Leaving out any pictures, print the entries that follow exactly as they stand.
• • •
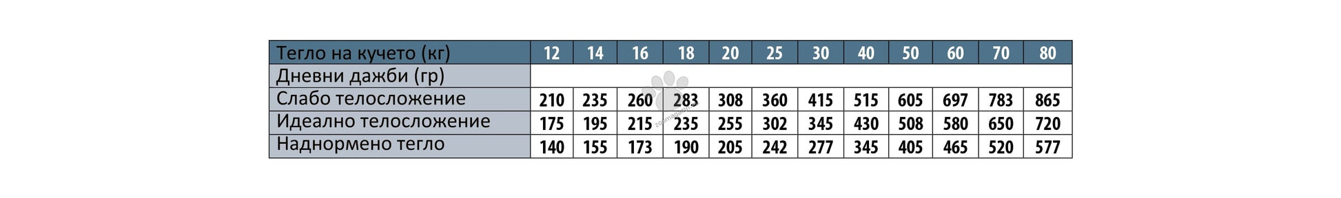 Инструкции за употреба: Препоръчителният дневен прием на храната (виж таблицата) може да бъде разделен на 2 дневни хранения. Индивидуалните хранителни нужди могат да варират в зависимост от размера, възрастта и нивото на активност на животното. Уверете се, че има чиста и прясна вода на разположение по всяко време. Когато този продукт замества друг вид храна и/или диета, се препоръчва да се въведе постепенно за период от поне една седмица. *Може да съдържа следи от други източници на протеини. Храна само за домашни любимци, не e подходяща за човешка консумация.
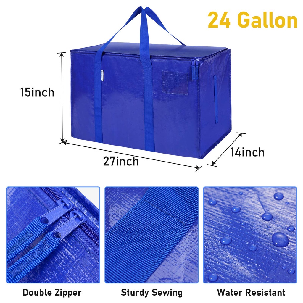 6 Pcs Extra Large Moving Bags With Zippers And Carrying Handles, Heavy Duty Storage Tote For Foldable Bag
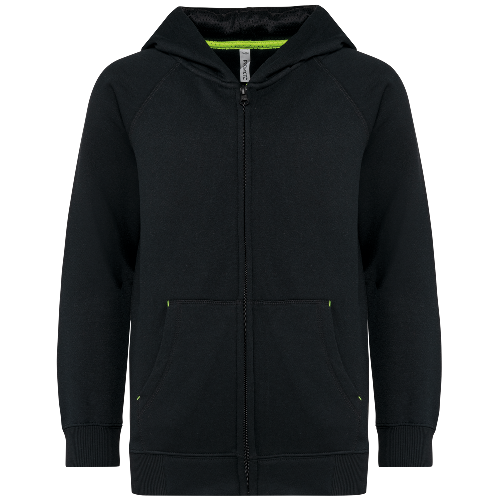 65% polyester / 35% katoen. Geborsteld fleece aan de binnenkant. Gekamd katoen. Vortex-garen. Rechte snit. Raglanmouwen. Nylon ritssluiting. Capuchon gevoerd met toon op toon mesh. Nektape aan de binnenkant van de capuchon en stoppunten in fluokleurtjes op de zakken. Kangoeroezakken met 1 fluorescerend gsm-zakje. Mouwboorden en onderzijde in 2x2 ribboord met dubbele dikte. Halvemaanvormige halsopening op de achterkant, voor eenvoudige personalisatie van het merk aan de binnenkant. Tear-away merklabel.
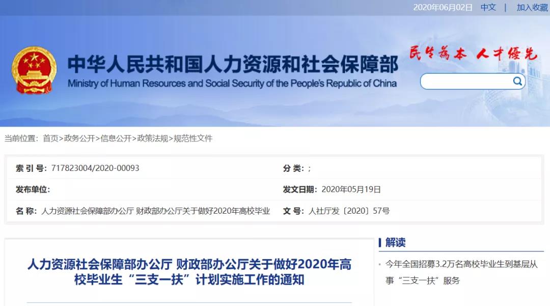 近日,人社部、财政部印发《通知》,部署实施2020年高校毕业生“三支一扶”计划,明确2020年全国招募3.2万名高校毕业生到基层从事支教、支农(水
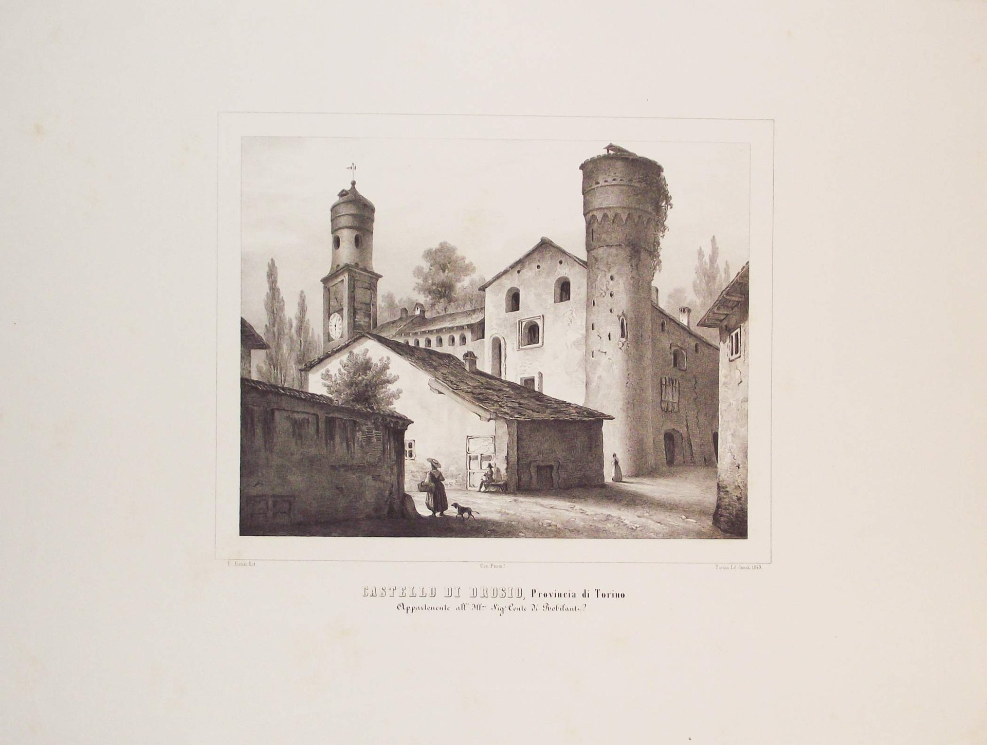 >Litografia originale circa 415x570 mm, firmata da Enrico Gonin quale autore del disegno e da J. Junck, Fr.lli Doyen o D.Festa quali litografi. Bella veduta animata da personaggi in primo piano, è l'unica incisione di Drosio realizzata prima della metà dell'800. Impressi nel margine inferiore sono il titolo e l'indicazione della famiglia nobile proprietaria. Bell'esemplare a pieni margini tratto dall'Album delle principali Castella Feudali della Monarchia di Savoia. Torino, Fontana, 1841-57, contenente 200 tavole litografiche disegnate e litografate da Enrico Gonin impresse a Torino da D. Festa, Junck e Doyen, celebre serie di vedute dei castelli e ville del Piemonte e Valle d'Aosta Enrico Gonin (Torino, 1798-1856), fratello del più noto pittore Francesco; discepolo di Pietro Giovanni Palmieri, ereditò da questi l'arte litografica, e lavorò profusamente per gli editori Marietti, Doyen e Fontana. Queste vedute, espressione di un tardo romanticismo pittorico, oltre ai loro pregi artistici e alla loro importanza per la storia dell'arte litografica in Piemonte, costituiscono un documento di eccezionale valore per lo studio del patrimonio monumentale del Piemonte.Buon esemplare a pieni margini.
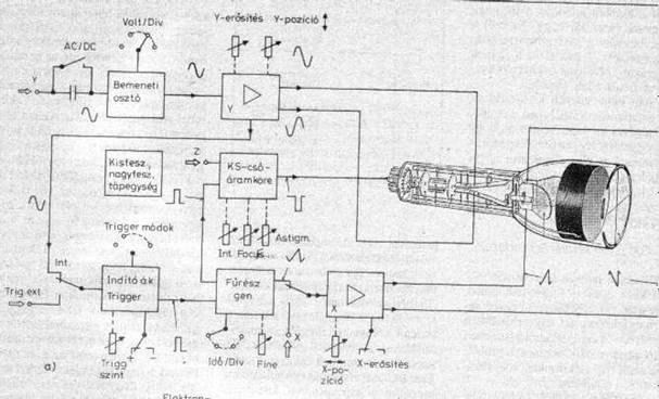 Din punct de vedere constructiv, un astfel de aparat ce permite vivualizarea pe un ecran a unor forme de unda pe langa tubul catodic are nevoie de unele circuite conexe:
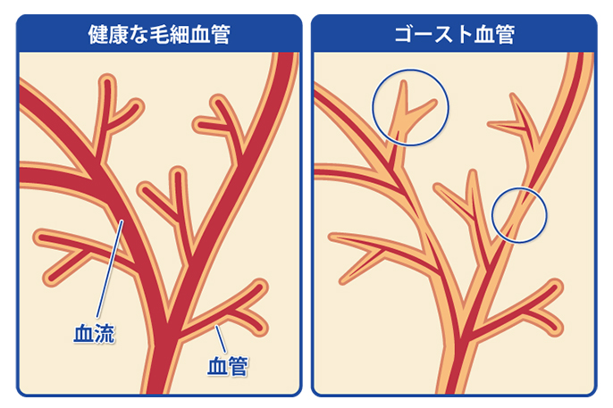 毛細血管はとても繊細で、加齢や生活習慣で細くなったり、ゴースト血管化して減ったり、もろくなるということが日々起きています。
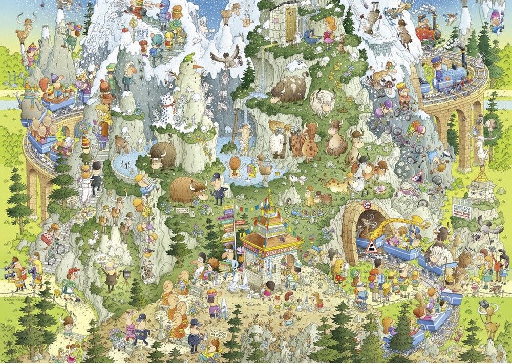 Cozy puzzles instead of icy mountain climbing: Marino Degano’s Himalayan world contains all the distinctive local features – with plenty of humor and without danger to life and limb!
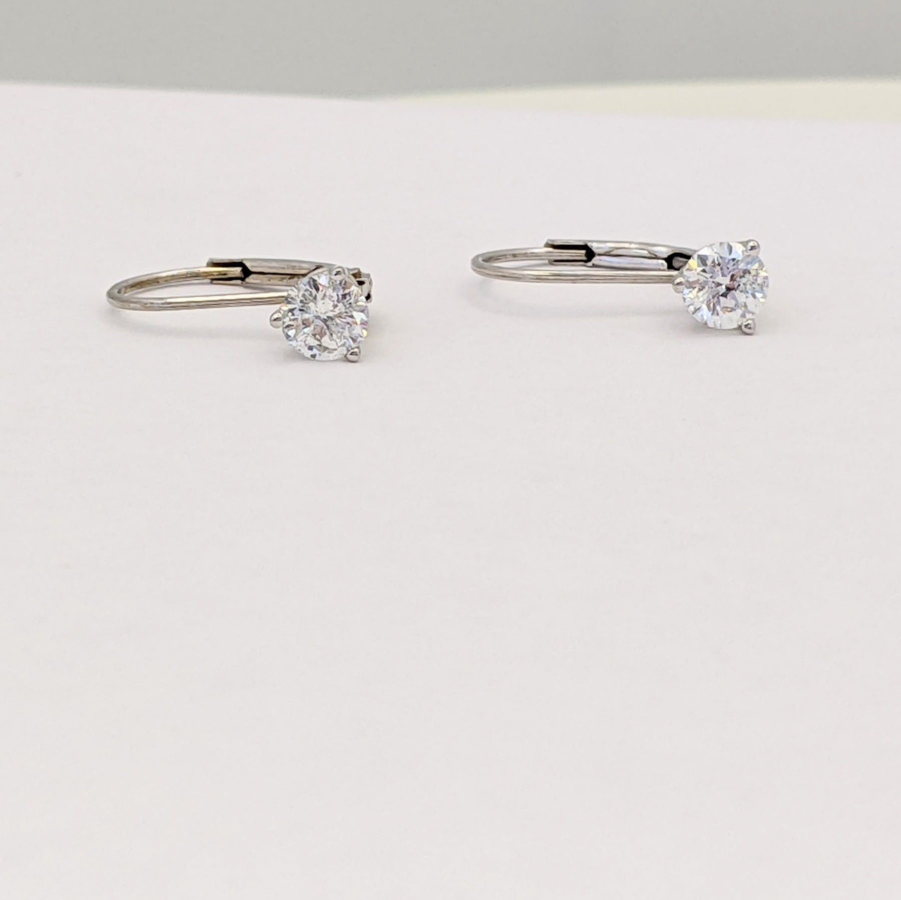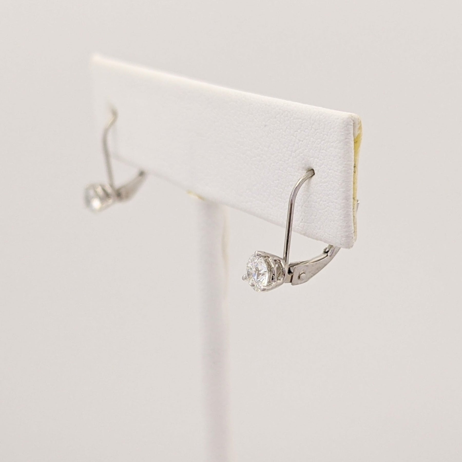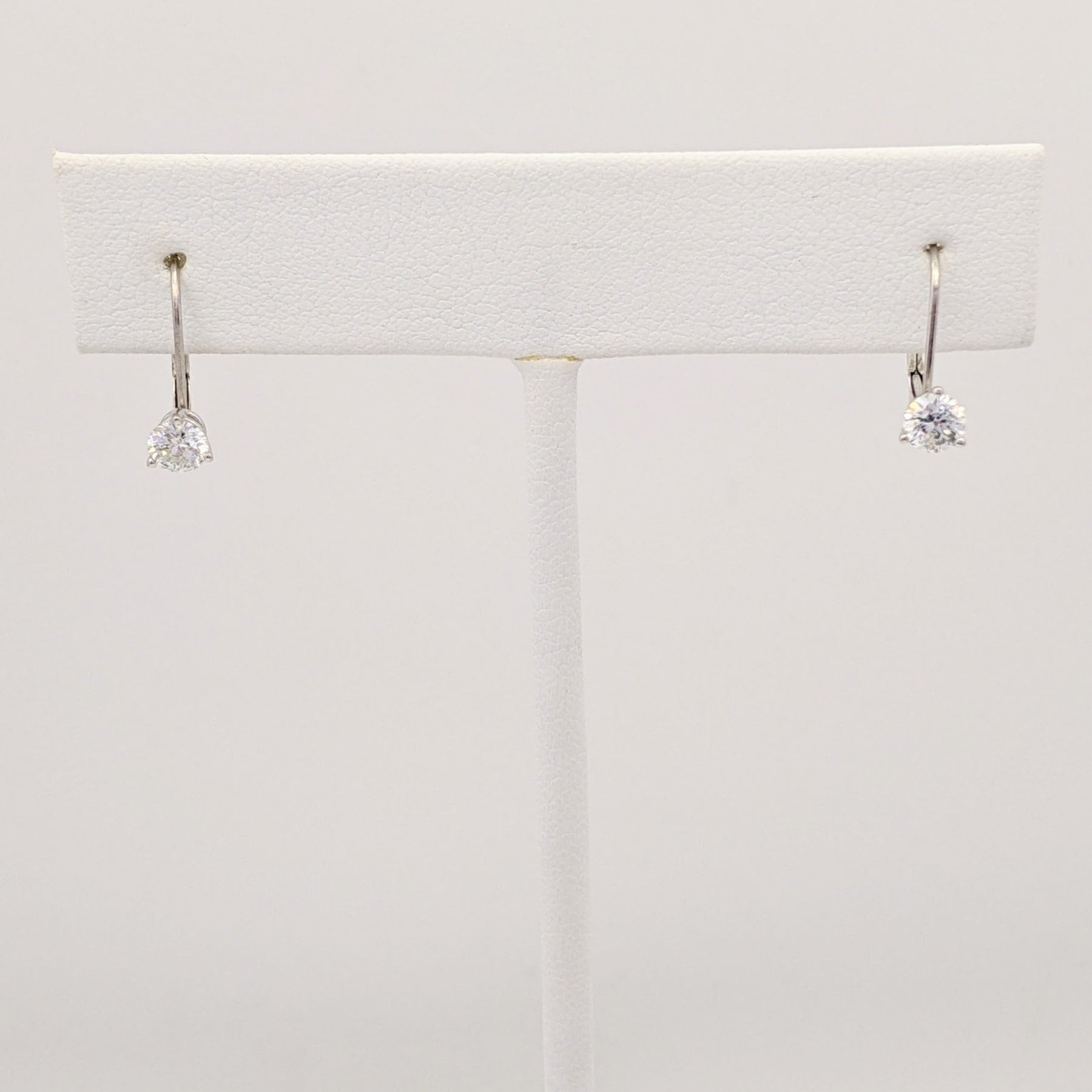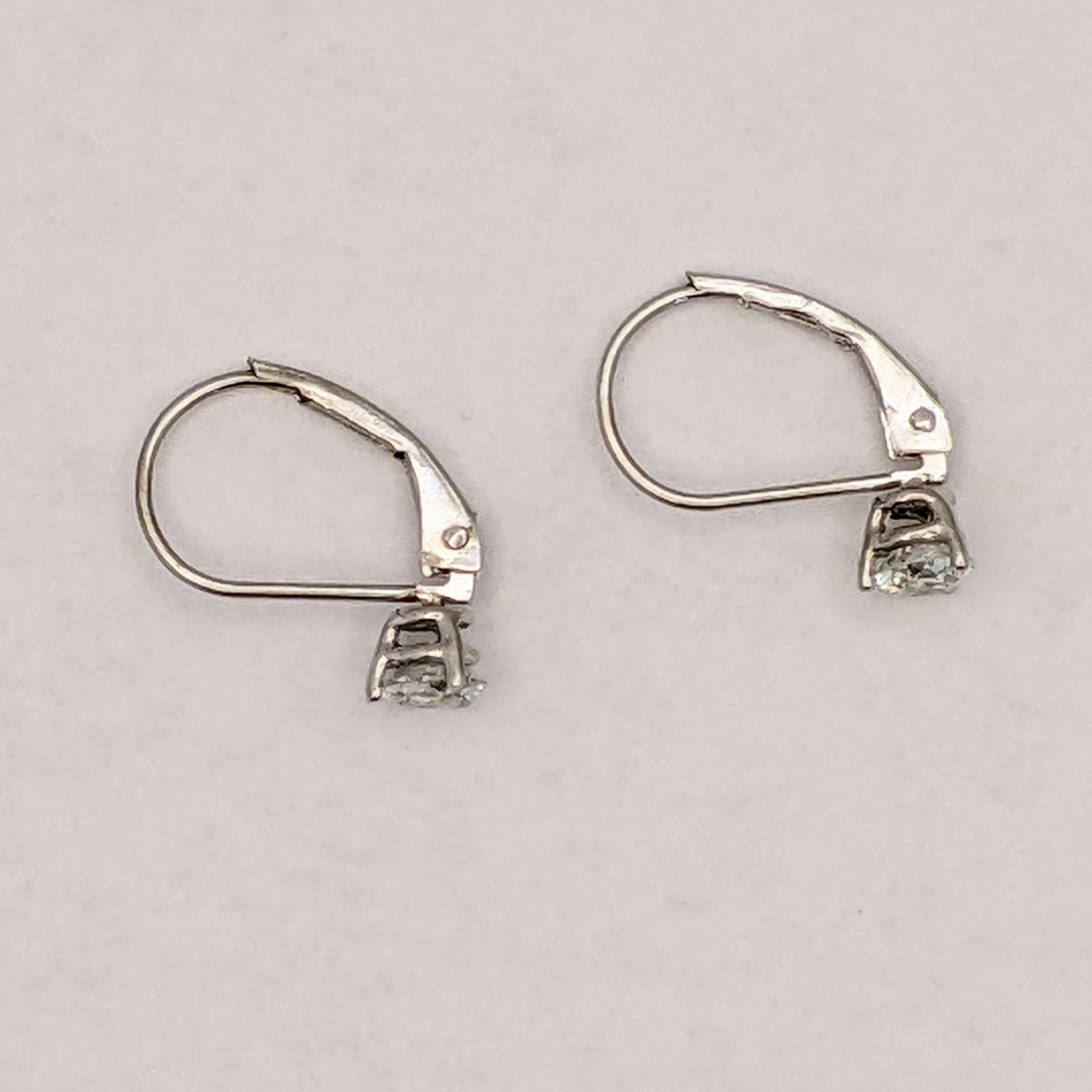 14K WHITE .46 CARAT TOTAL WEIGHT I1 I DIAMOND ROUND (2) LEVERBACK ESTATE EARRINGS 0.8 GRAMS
• • •
Result for this exercise
 Инструкции за употреба: Препоръчителният дневен прием на храната (виж таблицата) може да бъде разделен на 2 дневни хранения. Индивидуалните хранителни нужди могат да варират в зависимост от размера, възрастта и нивото на активност на животното. Уверете се, че има чиста и прясна вода на разположение по всяко време. Когато този продукт замества друг вид храна и/или диета, се препоръчва да се въведе постепенно за период от поне една седмица. *Може да съдържа следи от други източници на протеини. Храна само за домашни любимци, не e подходяща за човешка консумация.
 6 Pcs Extra Large Moving Bags With Zippers And Carrying Handles, Heavy Duty Storage Tote For Foldable Bag
 65% polyester / 35% katoen. Geborsteld fleece aan de binnenkant. Gekamd katoen. Vortex-garen. Rechte snit. Raglanmouwen. Nylon ritssluiting. Capuchon gevoerd met toon op toon mesh. Nektape aan de binnenkant van de capuchon en stoppunten in fluokleurtjes op de zakken. Kangoeroezakken met 1 fluorescerend gsm-zakje. Mouwboorden en onderzijde in 2x2 ribboord met dubbele dikte. Halvemaanvormige halsopening op de achterkant, voor eenvoudige personalisatie van het merk aan de binnenkant. Tear-away merklabel.
 近日,人社部、财政部印发《通知》,部署实施2020年高校毕业生“三支一扶”计划,明确2020年全国招募3.2万名高校毕业生到基层从事支教、支农(水
 >Litografia originale circa 415x570 mm, firmata da Enrico Gonin quale autore del disegno e da J. Junck, Fr.lli Doyen o D.Festa quali litografi. Bella veduta animata da personaggi in primo piano, è l'unica incisione di Drosio realizzata prima della metà dell'800. Impressi nel margine inferiore sono il titolo e l'indicazione della famiglia nobile proprietaria. Bell'esemplare a pieni margini tratto dall'Album delle principali Castella Feudali della Monarchia di Savoia. Torino, Fontana, 1841-57, contenente 200 tavole litografiche disegnate e litografate da Enrico Gonin impresse a Torino da D. Festa, Junck e Doyen, celebre serie di vedute dei castelli e ville del Piemonte e Valle d'Aosta Enrico Gonin (Torino, 1798-1856), fratello del più noto pittore Francesco; discepolo di Pietro Giovanni Palmieri, ereditò da questi l'arte litografica, e lavorò profusamente per gli editori Marietti, Doyen e Fontana. Queste vedute, espressione di un tardo romanticismo pittorico, oltre ai loro pregi artistici e alla loro importanza per la storia dell'arte litografica in Piemonte, costituiscono un documento di eccezionale valore per lo studio del patrimonio monumentale del Piemonte.Buon esemplare a pieni margini.
 Din punct de vedere constructiv, un astfel de aparat ce permite vivualizarea pe un ecran a unor forme de unda pe langa tubul catodic are nevoie de unele circuite conexe:
 毛細血管はとても繊細で、加齢や生活習慣で細くなったり、ゴースト血管化して減ったり、もろくなるということが日々起きています。
 Cozy puzzles instead of icy mountain climbing: Marino Degano’s Himalayan world contains all the distinctive local features – with plenty of humor and without danger to life and limb!
 14K WHITE .46 CARAT TOTAL WEIGHT I1 I DIAMOND ROUND (2) LEVERBACK ESTATE EARRINGS 0.8 GRAMS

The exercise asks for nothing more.